L’arbitre siffle le coup d’envoi, la partie commence par de beaux gestes techniques de la part des deux équipes mais la vitesse du jeu des frenchies est nettement plus rapide que celle des Malaisiens. Leur formation en 2-1-1 fait des merveilles. Romain, positionné en attaque, presse sans relâche les joueurs adverses, provoquant ainsi des fautes techniques qui permettent à Olivier et Michael de jaillir dans les pieds de leurs adversaires afin de les crucifier quelques touches de balle plus tard. Tahar s’occupe lui, en patron de la défense, de contenir les attaques adverses et se permet à l’occasion des percées décisives. Bref, les buts défilent en faveur de l’équipe Européenne. A la mi-temps, le compteur affiche un 7-3 pour les toubabs, soit un écart de but plus que confortable. Le match reprend mais le jeu rapide des expatriés déstabilise toujours autant la stratégie de l’équipe adverse. Aussi, la différence de but se creuse et devient même, au coup de sifflet final un gouffre. Au panneau d’affichage, le score de 12-5 est affiché. Soit une victoire éclatante des gringos. Après le match, nous patientons une bonne heure puis procédons à l’interview du propriétaire du futsal et aussi coach de l’équipe déchue. Ce dernier dispose d’une bonne connaissance footballistique de son pays. Arrivés chez Tahar, nous connectons la caméra au rétroprojecteur et « refaisons le match » de ce soir.
Mardi 21 juillet
Aujourd’hui, nous partons en compagnie de Tahar suivre l’entraînement de l’équipe de CIMB Bank. Un van de la société vient nous chercher puis nous partons à l’extérieur de la ville, au siège social de la banque. A l’intérieur du véhicule, est assis Bala, rencontré lors du match de MU avec qui nous bavardons football.
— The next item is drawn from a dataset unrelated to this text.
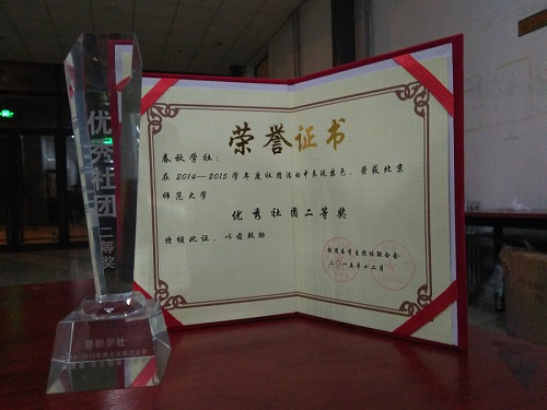 12月5日晚8时,第十九届社团文化节闭幕式暨“十九社氏度”社团盛典在学生活动中心成功举办。3044永利集团官网春秋学社凭借丰富多彩的活动以及社员们在优秀社团答辩中的精彩表现,荣获2014-2015年度优秀社团二等奖第一名。春秋学社指导教师李力老师作为嘉宾出席本次晚会,并受邀为获奖社团颁奖。学社多数成员参加了晚会,在欣赏表演的同时更为社团感到自豪。
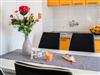 This apartment is on the ground floor. It features 42m² of living space: one double-bedded room, two single beds in the second bedroom and one sofa bed in the living room; living room with fully equipped kitchen and dining room, bathroom with toilet.

Arrivés sur place, se trouve, au pied des bâtiments financiers un terrain de foot occupé par des joueurs. Tous sont des salariés de la banque et forme une équipe semi-pro jouant la montée en Ligue 2 Malaisienne. Romain et Tahar sont invités à se joindre à l’équipe pour l’entrainement. Au programme : échauffement, exercices puis un match. La visite se termine par l’interview de quelques joueurs ainsi que de l’entraineur. Bala nous ramène chez Tahar via un véhicule de la société puis nous propose de venir demain à son bureau pour l’interviewer. RDV 10h.
La soirée se termine tranquillement dans le sofa de notre ami expatrié à taquiner la manette de la PS2.
Mercredi 22 juillet
Lever tôt pour les reporters sans frontières, direction les bureaux de CIMB situés non loin des Petronas. Nous procédons à l’interview de Bala à 10h puis partons par la suite admirer les incroyables tours jumelles. La visite terminée, nous rentrons chez Tahar taper la balle… de tennis suivi d’un petit crawl puis d’une partie de foot… sur PS bien sûr. Enfin, la soirée se termine en compagnie de notre ami expatrié à bavarder football… entre autre.

Jeudi 23 juillet
Dernière journée à Kuala Lumpur. Nous décidons donc de la consacrer à la visite de la ville. Au programme : flâner dans les innombrables ruelles du quartier chinois, admirer l’architecture de la vieille gare et se perdre dans le centre colonial de KL. Bref, nous rentrons en fin d’après midi chez Tahar et passons la soirée en sa présence. Nous en profitons aussi pour faire nos sacs car demain nous partons vers Taman Negara, la plus vieille jungle au monde, située au centre du pays.

Vendredi 24 juillet
De longues heures de bus après, nous voila enfin à quelques centaines de kilomètres au dessus de la capitale, dans le village de Kuala Tahan. Nous perdons une bonne heure à traverser le village de long en large à la recherche d’un hôtel. Nous trouvons tout de même un dortoir à un prix plus que correct. Nous partageons la chambre avec deux argentins, trois délicieuses allemandes puis deux militaires français. Nous passons la soirée avec le couple argentin avec qui nous parlons voyage et football, moment idéal pour réviser notre castellano.
Samedi 25 juillet
Et c’est parti pour le trek le plus épuisant de notre tour du monde… 12 km (en principe) de marche en deux jours dans la jungle la plus vieille du monde. Ici, le taux d’humidité grimpe jusqu’à 90% ! Aussi, cinq minutes de marche suffisent à suer autant que Bob l’éponge. Dans cet enfer vert cohabitent toute sorte d’animaux, du tigre à l’éléphant en passant par les singes, tous vivent en parfaite harmonie. Cependant, il faut vraiment être chanceux pour apercevoir l’un d’entre eux durant la journée.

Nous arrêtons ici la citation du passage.